Sunday, June 29, 2008

Datastage FAQs

Types Of Lookups:

in lookup first link is 'primary link'. Other links are called "lookup' links.

when lookup links are from a stage that is other than a database stage, all data from the lookup link is read into memory. Then, for each row from the primary link, the lookup is performed.

if the source of lookups is a database. then can be two types of lookups;

those are Normal and spares lookup

Normal Lookup--- All the data form the database is read into memory, and then lookup is perfromed.

sparese Lookup--- For each incoming row from the primary link, the sql is fired on daabase at run time.

1.What is a view?

View is the vertual or logical or the duplicate copy of the original table with schema parts only.

2)Difference b/w materialized view and view?
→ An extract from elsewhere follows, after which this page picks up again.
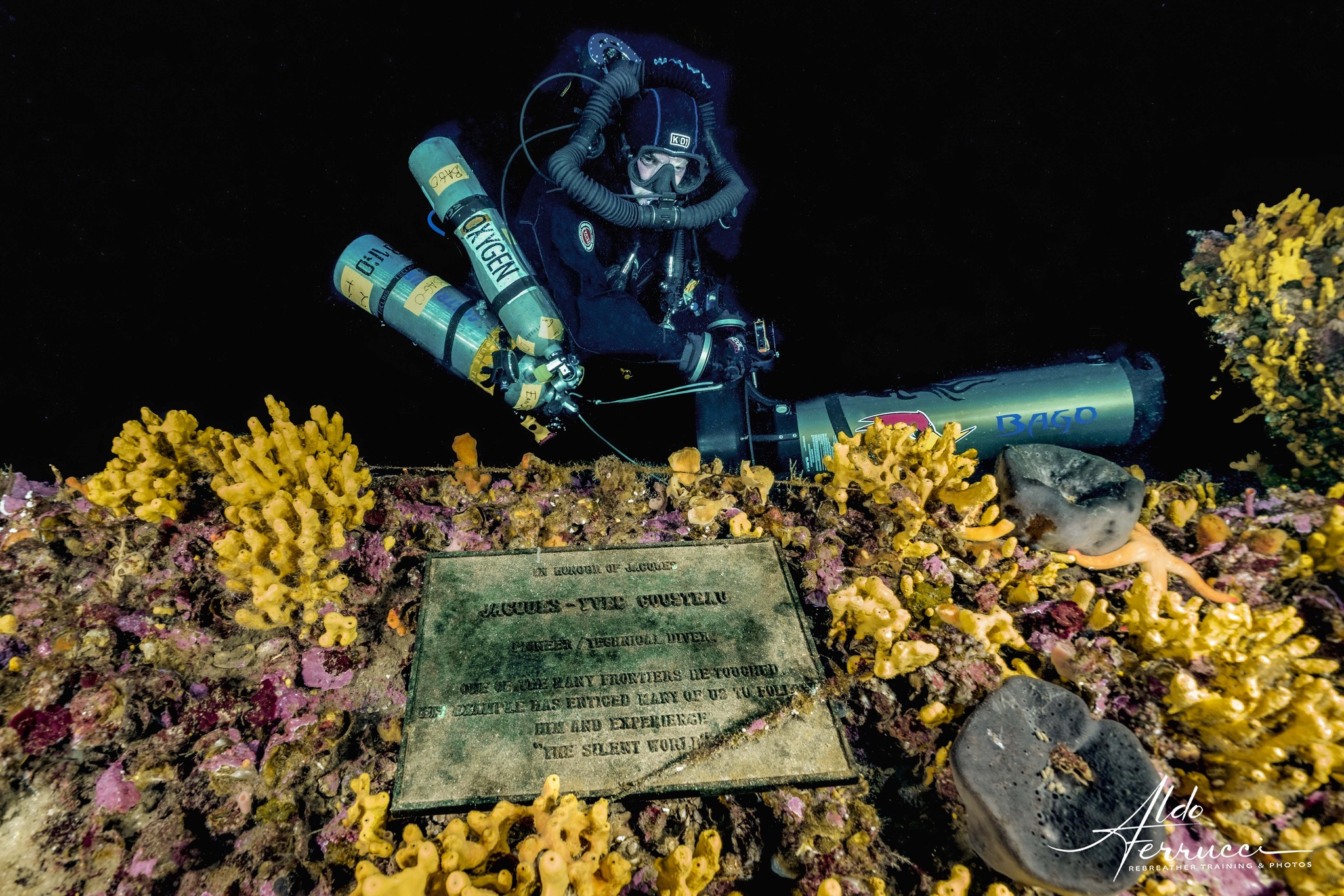 in anteprima la targa lasciata in ricordo della scoperta del RMS Britannic da parte di Cousteau – photo credit Aldo Ferrucci

View is nothing but a set a sql statements together which join single or multiple tables and shows the data .. however views do not have the data themselves but point to the data .

Whereas Materialized view is a concept mainly used in Datawarehousing .. these views contain the data itself .Reason being it is easier/faster to access the data.The main purpose of Materialized view is to do calculations and display data from multiple tables using joins .
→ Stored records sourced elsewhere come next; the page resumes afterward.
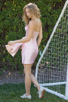 This striking dress features a chic and timeless strapless design crafted from luxurious stretch satin material, offering both comfort and style. The semi-sweetheart top adds a touch of romance and elegance to the ensemble. The illusion boned beaded waistline showcases intricate detailing that exudes sophistication and glamour, making it a perfect choice for formal events. The straight lace-up back not only provides a secure fit but also adds a touch of modern flair to the look. Ideal for special occasions or evening affairs, this dress is designed to make a statement. Pair it with sleek heels and minimalistic accessories to allow the intricate beading to shine and create a captivating and refined outfit that exudes confidence and grace.
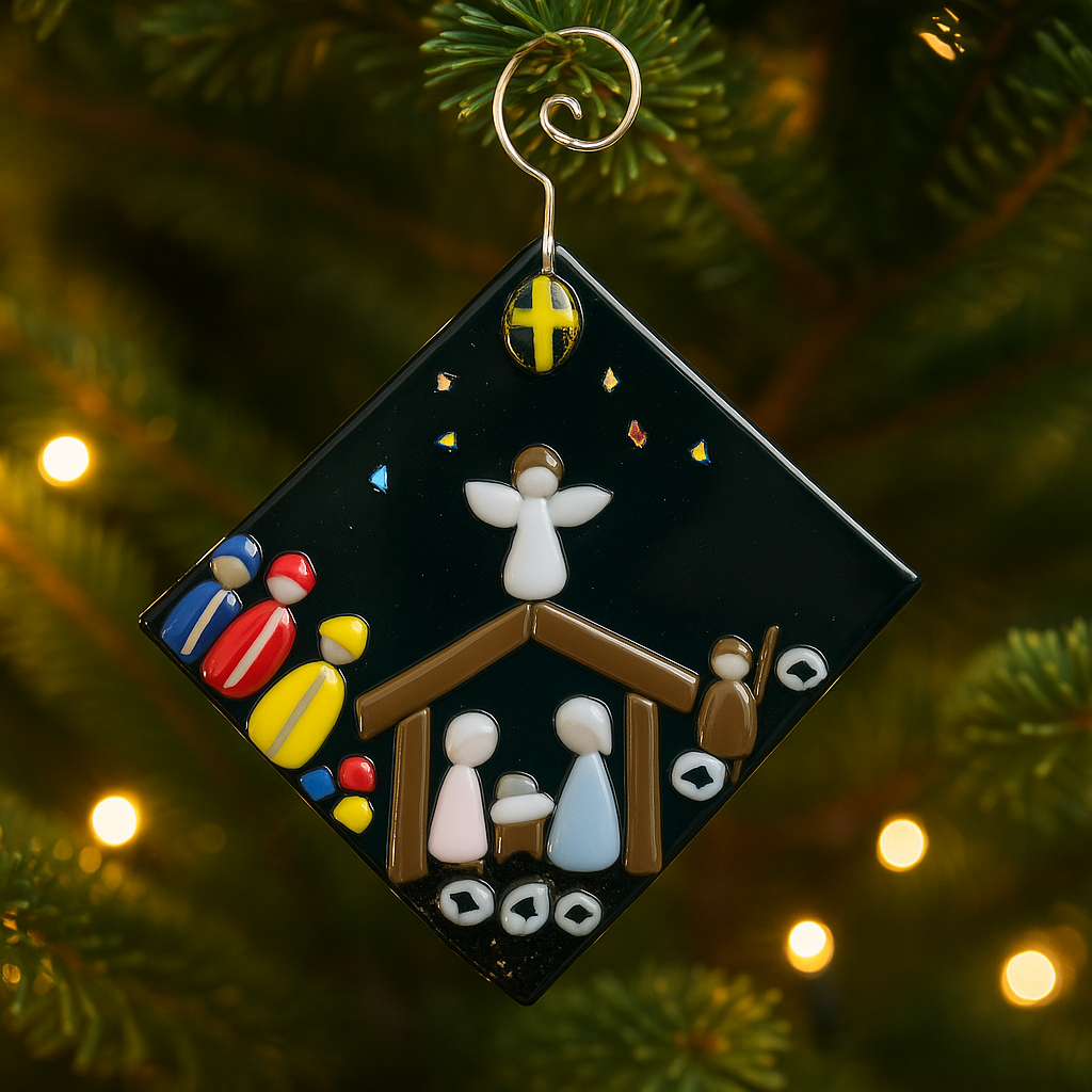 Made with durable glass and vibrant detail, this keepsake ornament reflects the warmth and faith of the season. Whether hung on your Christmas tree or gifted to loved ones, it’s a timeless reminder of the miracle of Christmas.
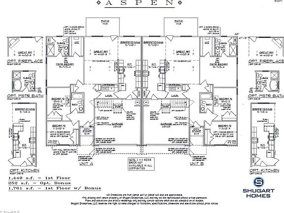 Aspen plan being built by Shugart Ent. w/ 9' ceilings, transom above front door, brick ledge, option kitchen w/ L shaped bar, double bowl full vanity in master bath, corner fireplace, comfort height toilet in master bath, roman style interior doors, 36" wall kitchen cabinets in Kent flat panel birch, granite countertops in kitchen, wood floors in hallway & foyer, & ceramic tile backsplash in kitchen w/ deco band. Tax value & taxes not yet updated. Dimensions taken from floorplan. $8,000 in incentives.

3)How to remove duplicates in ds and how it keep?

Other than remove duplicate stage ,we can also use aggregator stage to count the number of records exist for the key columns.If more than one record exist for the key column,then they are considered as duplicate records and using transformer we can set a stage variable as 'COUNT' and check if 'COUNT>1'.If so,using a constraint, reject that duplicate records into reject file.

4)how to remove the locked jobs using datastage?

alternatively just restart the datastage services from the "administator tools" section of the control panel.

5)Did you Parameterize the job or hard-coded the values in the jobs?

Always parameterized the job. Either the values are coming from Job Properties or from a ‘Parameter Manager’ – a third part tool. There is no way you will hard–code some parameters in your jobs. The often Parameterized variables in a job are: DB DSN name, username, password, dates W.R.T for the data to be looked against at.

6)What is Hash file stage and what is it used for?
We can also use the Hash File stage to avoid / remove dupilcate rowsby specifying the hash key on a particular fileld

7)What are other Performance tunings you have done in your last project to increase the performance of slowly running jobs?
1.Staged the data coming from ODBC/OCI/DB2UDB stages or any database on the server using Hash/Sequential files for optimum performance also for data recovery in case job aborts.

2.Tuned the OCI stage for 'Array Size' and 'Rows per Transaction' numerical values for faster inserts, updates and selects.

3.Tuned the 'Project Tunables' in Administrator for better performance.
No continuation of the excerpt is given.